• What needs to be done:
Leave the pictures in the listing below aside and reproduce exactly the lines starting with the one with "Big wall climbing" and going on through the one with "Успешно реализован хакатон", both ends included.

• Excerpted data:

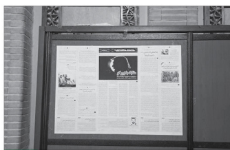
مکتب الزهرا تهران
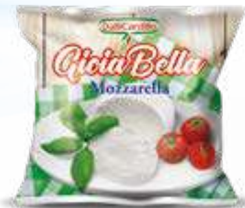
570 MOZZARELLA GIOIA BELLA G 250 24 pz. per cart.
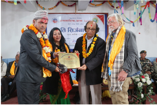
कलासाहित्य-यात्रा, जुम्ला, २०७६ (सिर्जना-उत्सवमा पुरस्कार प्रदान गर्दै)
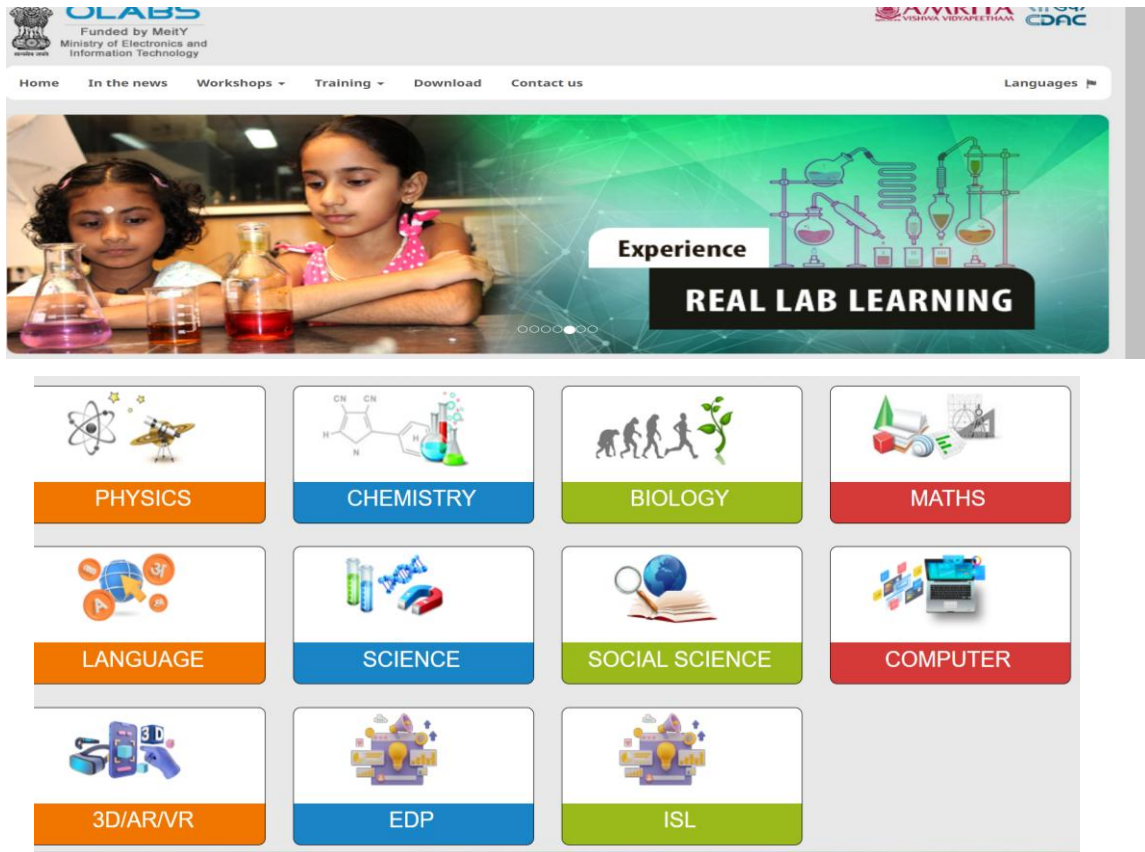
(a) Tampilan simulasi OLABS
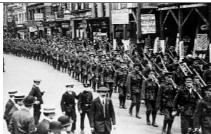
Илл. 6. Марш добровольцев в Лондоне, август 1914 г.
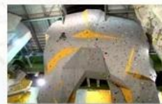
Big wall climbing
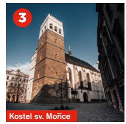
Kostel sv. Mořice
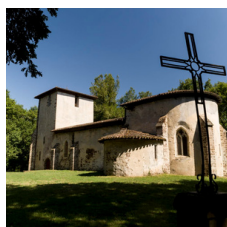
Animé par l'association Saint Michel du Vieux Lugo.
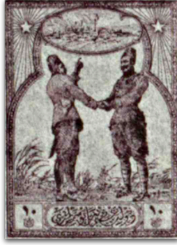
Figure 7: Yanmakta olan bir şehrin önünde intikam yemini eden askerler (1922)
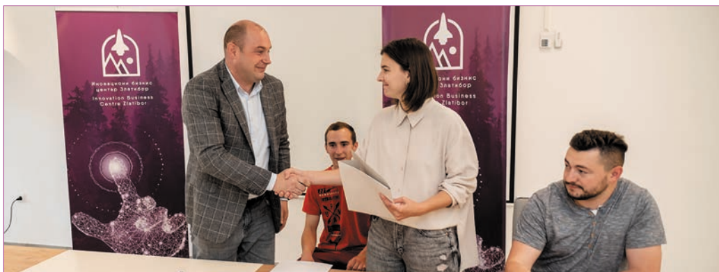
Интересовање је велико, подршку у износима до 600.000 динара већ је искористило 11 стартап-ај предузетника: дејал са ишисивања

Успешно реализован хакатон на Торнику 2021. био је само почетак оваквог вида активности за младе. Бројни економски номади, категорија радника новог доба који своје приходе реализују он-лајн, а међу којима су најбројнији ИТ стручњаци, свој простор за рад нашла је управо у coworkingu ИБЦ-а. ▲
* * *
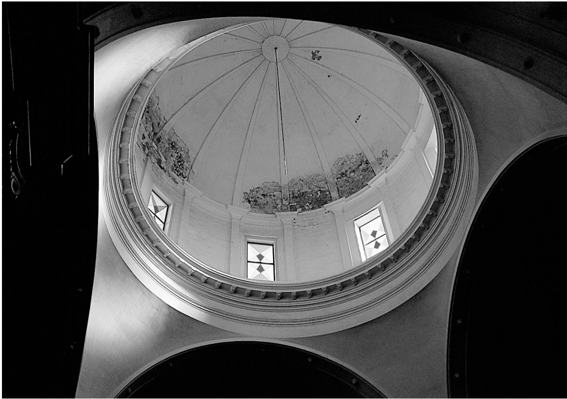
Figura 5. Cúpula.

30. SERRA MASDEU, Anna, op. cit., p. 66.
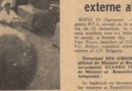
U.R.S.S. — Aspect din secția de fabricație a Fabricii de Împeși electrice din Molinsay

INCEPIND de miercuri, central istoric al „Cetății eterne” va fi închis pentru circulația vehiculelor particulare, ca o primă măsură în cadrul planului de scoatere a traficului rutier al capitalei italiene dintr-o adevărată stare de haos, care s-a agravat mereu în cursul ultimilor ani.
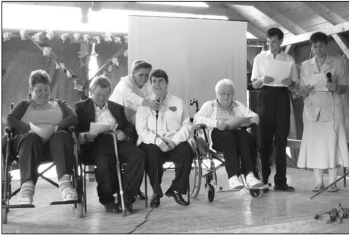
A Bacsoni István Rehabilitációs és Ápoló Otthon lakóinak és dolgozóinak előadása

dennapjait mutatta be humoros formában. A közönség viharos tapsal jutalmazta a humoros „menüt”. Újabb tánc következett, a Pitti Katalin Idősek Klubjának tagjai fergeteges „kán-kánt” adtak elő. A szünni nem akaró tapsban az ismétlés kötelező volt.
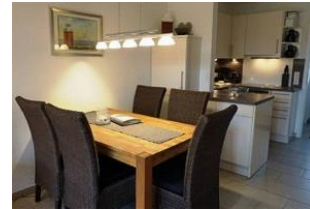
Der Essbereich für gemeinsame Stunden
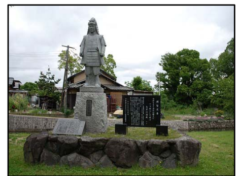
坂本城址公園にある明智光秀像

• Solved exercise:
Big wall climbing
Kostel sv. Mořice
Animé par l'association Saint Michel du Vieux Lugo.
Figure 7: Yanmakta olan bir şehrin önünde intikam yemini eden askerler (1922)
Интересовање је велико, подршку у износима до 600.000 динара већ је искористило 11 стартап-ај предузетника: дејал са ишисивања

Успешно реализован хакатон на Торнику 2021. био је само почетак оваквог вида активности за младе. Бројни економски номади, категорија радника новог доба који своје приходе реализују он-лајн, а међу којима су најбројнији ИТ стручњаци, свој простор за рад нашла је управо у coworkingu ИБЦ-а. ▲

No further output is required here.